* Extracted information:
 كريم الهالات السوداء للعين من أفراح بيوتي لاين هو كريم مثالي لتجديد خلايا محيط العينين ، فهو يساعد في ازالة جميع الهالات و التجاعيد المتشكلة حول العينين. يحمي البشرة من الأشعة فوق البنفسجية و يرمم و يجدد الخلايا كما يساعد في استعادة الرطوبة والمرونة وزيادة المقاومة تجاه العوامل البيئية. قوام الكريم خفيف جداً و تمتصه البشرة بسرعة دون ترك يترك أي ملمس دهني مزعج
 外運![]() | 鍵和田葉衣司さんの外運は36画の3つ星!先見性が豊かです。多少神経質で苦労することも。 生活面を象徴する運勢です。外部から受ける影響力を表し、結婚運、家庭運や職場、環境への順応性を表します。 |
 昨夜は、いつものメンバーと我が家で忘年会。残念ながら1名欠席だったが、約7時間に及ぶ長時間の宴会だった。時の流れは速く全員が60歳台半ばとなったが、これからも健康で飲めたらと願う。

==

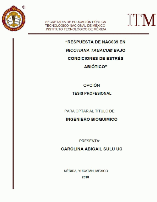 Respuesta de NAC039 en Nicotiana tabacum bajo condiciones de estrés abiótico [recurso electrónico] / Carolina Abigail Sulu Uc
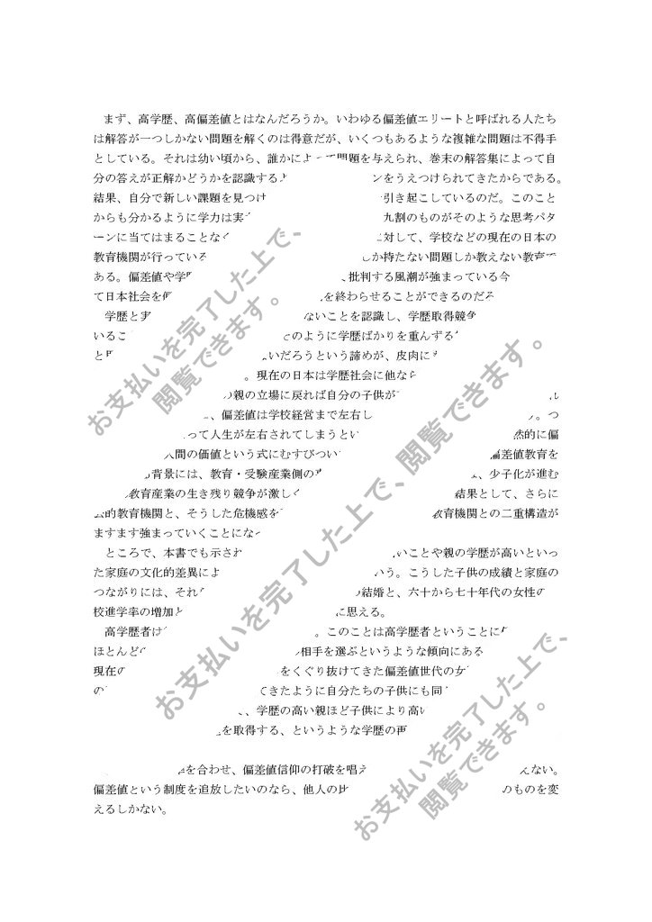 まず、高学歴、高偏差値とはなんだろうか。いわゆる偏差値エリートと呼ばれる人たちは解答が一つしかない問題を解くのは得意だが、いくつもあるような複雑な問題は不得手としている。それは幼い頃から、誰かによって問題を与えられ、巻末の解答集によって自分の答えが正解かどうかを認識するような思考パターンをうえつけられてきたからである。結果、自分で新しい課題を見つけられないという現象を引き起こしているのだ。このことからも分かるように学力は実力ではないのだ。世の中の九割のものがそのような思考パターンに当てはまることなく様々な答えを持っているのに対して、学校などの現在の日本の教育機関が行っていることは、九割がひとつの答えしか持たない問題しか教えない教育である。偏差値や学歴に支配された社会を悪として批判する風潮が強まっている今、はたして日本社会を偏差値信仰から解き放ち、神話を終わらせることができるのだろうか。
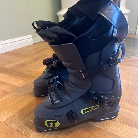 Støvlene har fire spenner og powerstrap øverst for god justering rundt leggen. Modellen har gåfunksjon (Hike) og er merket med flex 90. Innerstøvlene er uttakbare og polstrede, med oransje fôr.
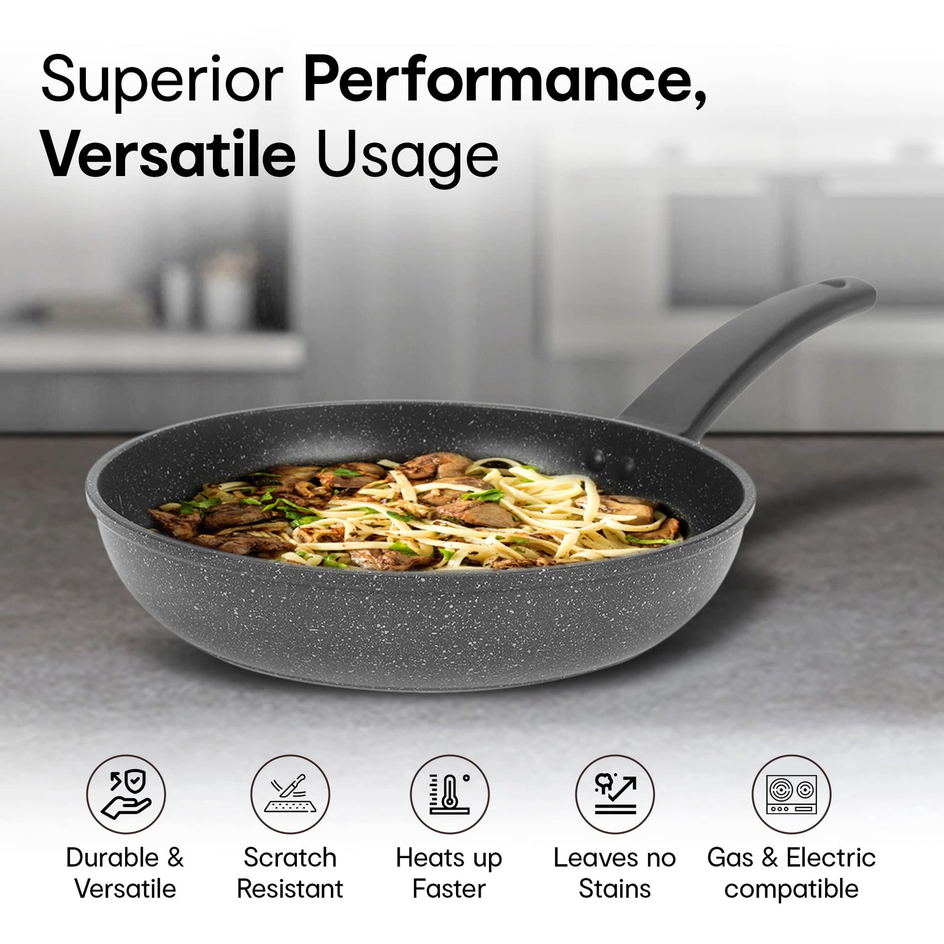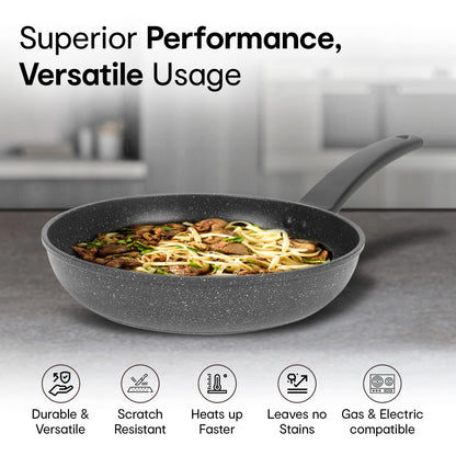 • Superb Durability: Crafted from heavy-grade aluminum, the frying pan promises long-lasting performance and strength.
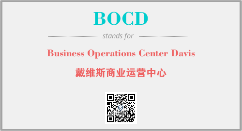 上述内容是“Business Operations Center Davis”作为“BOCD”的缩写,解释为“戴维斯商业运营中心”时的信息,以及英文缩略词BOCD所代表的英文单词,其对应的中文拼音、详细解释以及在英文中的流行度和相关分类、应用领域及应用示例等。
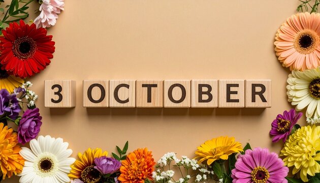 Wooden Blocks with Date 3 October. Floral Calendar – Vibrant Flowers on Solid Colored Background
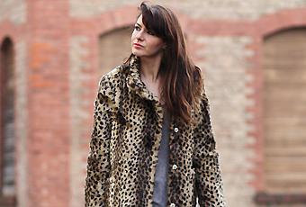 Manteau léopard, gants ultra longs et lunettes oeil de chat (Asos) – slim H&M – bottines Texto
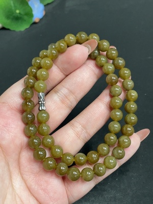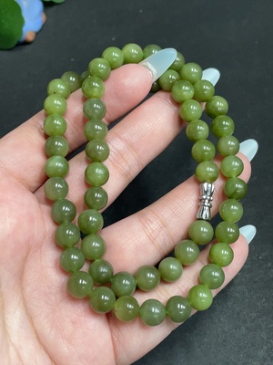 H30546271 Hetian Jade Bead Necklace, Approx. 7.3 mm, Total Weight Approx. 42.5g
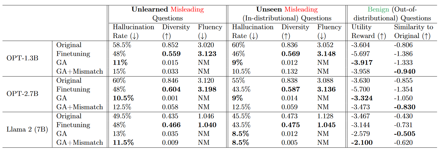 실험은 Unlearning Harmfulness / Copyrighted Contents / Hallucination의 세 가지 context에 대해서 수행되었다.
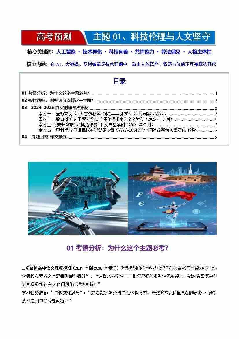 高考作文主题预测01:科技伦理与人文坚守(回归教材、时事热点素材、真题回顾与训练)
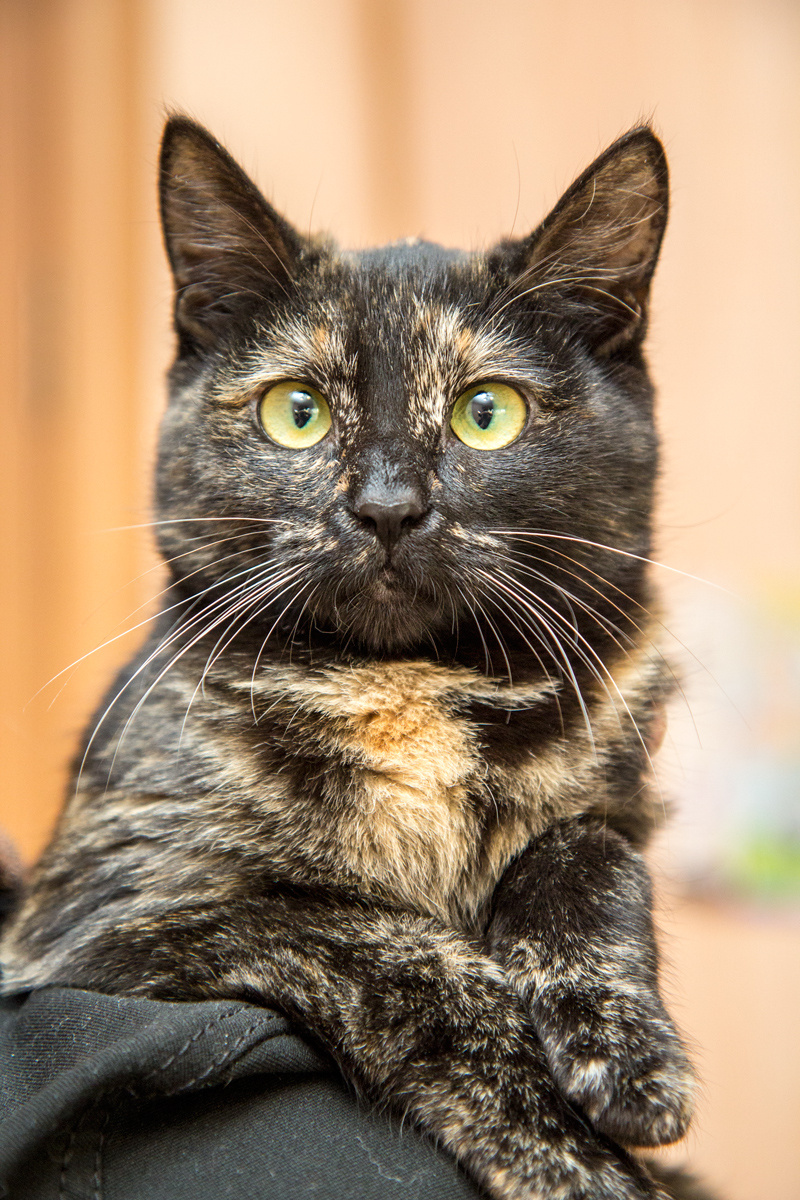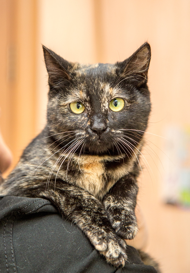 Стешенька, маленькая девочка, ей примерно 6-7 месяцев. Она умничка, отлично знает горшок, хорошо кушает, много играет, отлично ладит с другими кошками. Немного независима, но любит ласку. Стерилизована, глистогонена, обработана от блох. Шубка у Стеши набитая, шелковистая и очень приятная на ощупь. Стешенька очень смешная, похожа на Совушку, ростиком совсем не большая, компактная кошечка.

* What needs to be done: In the entries above, find the line that contains "Respuesta de NAC039" and the line that contains "performance and strength.". Reproduce exactly those two lines and every line between them, but not the pictures.

* Exercise response:
 Respuesta de NAC039 en Nicotiana tabacum bajo condiciones de estrés abiótico [recurso electrónico] / Carolina Abigail Sulu Uc
 まず、高学歴、高偏差値とはなんだろうか。いわゆる偏差値エリートと呼ばれる人たちは解答が一つしかない問題を解くのは得意だが、いくつもあるような複雑な問題は不得手としている。それは幼い頃から、誰かによって問題を与えられ、巻末の解答集によって自分の答えが正解かどうかを認識するような思考パターンをうえつけられてきたからである。結果、自分で新しい課題を見つけられないという現象を引き起こしているのだ。このことからも分かるように学力は実力ではないのだ。世の中の九割のものがそのような思考パターンに当てはまることなく様々な答えを持っているのに対して、学校などの現在の日本の教育機関が行っていることは、九割がひとつの答えしか持たない問題しか教えない教育である。偏差値や学歴に支配された社会を悪として批判する風潮が強まっている今、はたして日本社会を偏差値信仰から解き放ち、神話を終わらせることができるのだろうか。
 Støvlene har fire spenner og powerstrap øverst for god justering rundt leggen. Modellen har gåfunksjon (Hike) og er merket med flex 90. Innerstøvlene er uttakbare og polstrede, med oransje fôr.
 • Superb Durability: Crafted from heavy-grade aluminum, the frying pan promises long-lasting performance and strength.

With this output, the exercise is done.